Tired sleepy woman yawning, working at office desk and holding a cup of coffee, overwork and sleepIn recent years, Guinness World Records has stopped listing records for continuous sleeplessness because it was deemed too hazardous. And for good reason - alarming scientific data has emerged about the acute dangers of inadequate sleep - including hal­lucinations, schizophrenia, high blood pressure, stroke and heart attack.
But it was the irrefutable evidence for increased risk of suicide among sleep-deprived people that convinced the scientific advisors at Guinness World Records to officially outlaw future attempts at extreme sleep deprivation.
To put that in context, Guinness gave the thumbs up to “Fearless” Felix Baumgartner’s proposal to attempt to set the world record for a vertical freefall distance as a skydiver. Under sponsorship from Red Bull, he jumped out of a capsule that was orbiting the Earth on the edge of space. Baumgart­ner, wearing a pressurized spacesuit plummeted headfirst straight down covering 24 vertical miles in 4.5 min­utes before deploying his parachute.

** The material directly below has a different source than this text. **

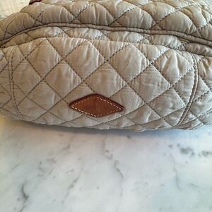 This MZ Wallace backpack has been well worn and used. It is in clean condition. Normal wear and tear but no damage. The color is like a light gray color. Comes with a medium sized pouch.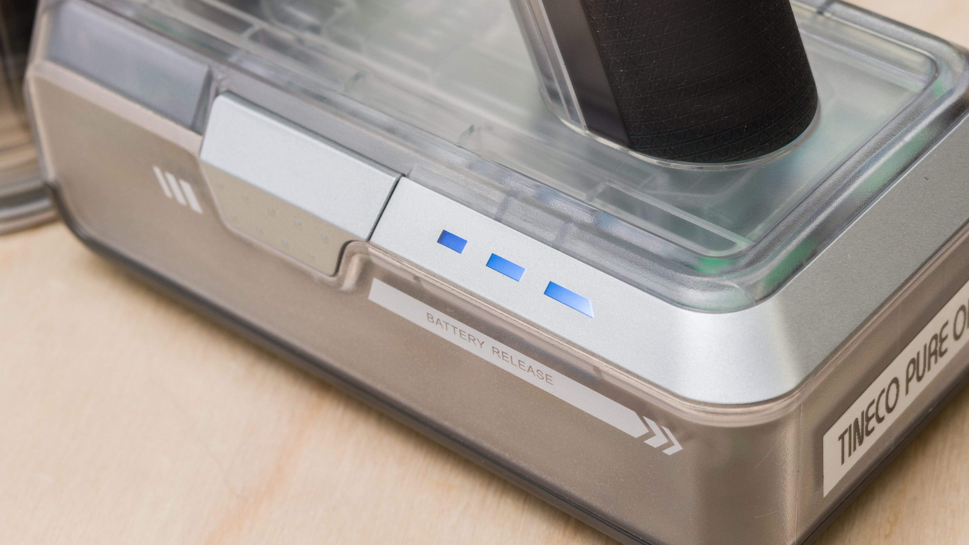 The Tineco PURE ONE S11 has decent battery performance. When used in its high-power 'MAX' mode, it runs out of power in just over 10 minutes, which doesn't give you a lot of time to deal with stubborn debris, but this also isn't unusual for a vacuum of this type. In its self-adjusting 'Auto' mode, it can run for a maximum of 40 minutes, which is considerably shorter than the Tineco PURE ONE X's runtime of about 70 minutes. On the upside, the S11 has a removable battery, so you can swap in a new one once the current battery pack is depleted. While the Tango variant we tested only comes with a single charging dock, the mid-range S11 model comes with a dual charging system for both of its included batteries. You can keep tabs on the vacuum's charge status via the trio of indicator lights on the pack itself or with its companion smartphone app.

Freefalling using nothing but his body and gravity, Felix became the first human to break the sound bar­rier without a vehicle, attaining a top speed of 834 miles per hour. That the experts at Guinness World Records felt okay about sanctioning this potential­ly lethal stunt, but decided that sleep deprivation was too unsafe, should make you think twice about giving your sleep the short shrift. Appallingly, sleep deprivation has also been used for millennia as a cruel form of torture.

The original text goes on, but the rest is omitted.